[Extracted data entries]

╭──

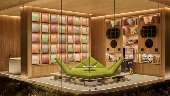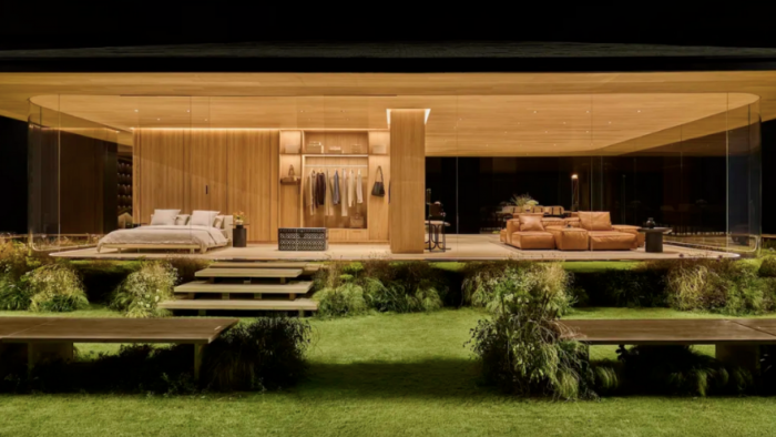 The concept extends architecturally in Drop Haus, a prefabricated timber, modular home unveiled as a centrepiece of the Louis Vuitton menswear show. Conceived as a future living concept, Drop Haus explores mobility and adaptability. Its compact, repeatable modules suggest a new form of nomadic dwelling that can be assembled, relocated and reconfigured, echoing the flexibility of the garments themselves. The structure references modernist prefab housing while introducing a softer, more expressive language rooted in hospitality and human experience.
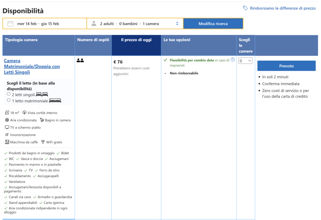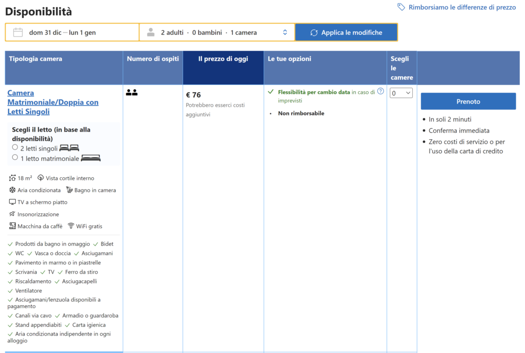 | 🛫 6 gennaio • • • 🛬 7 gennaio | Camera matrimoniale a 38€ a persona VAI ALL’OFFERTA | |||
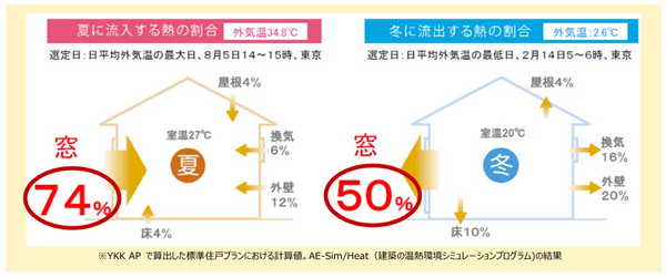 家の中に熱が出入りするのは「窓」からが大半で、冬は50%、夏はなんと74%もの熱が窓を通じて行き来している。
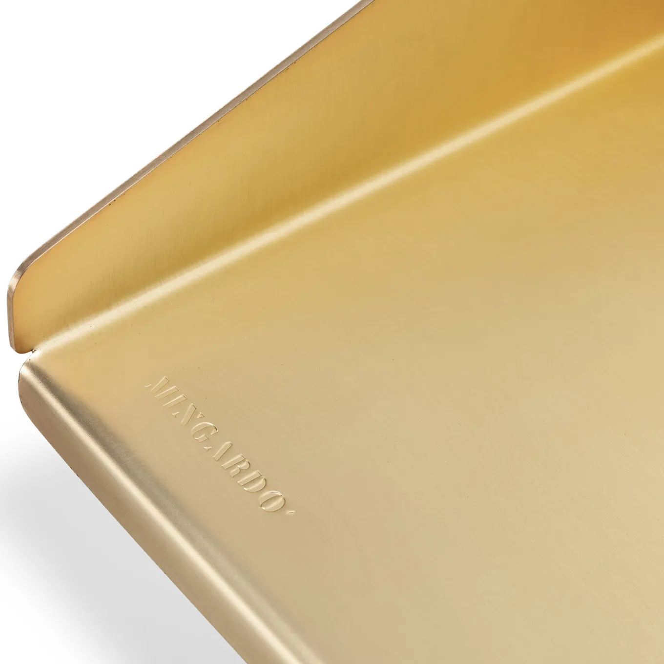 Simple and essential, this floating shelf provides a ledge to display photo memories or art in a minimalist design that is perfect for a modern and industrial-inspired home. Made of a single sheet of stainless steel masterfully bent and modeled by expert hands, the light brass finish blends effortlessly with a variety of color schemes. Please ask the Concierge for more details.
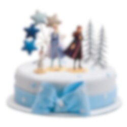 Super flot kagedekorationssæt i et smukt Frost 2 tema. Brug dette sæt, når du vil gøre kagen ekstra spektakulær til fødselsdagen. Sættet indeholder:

╰──

• Exercise brief
The reply must hold each line of the records verbatim and no pictures.

• Completed exercise
 The concept extends architecturally in Drop Haus, a prefabricated timber, modular home unveiled as a centrepiece of the Louis Vuitton menswear show. Conceived as a future living concept, Drop Haus explores mobility and adaptability. Its compact, repeatable modules suggest a new form of nomadic dwelling that can be assembled, relocated and reconfigured, echoing the flexibility of the garments themselves. The structure references modernist prefab housing while introducing a softer, more expressive language rooted in hospitality and human experience.
 | 🛫 6 gennaio • • • 🛬 7 gennaio | Camera matrimoniale a 38€ a persona VAI ALL’OFFERTA | |||
 家の中に熱が出入りするのは「窓」からが大半で、冬は50%、夏はなんと74%もの熱が窓を通じて行き来している。
 Simple and essential, this floating shelf provides a ledge to display photo memories or art in a minimalist design that is perfect for a modern and industrial-inspired home. Made of a single sheet of stainless steel masterfully bent and modeled by expert hands, the light brass finish blends effortlessly with a variety of color schemes. Please ask the Concierge for more details.
 Super flot kagedekorationssæt i et smukt Frost 2 tema. Brug dette sæt, når du vil gøre kagen ekstra spektakulær til fødselsdagen. Sættet indeholder:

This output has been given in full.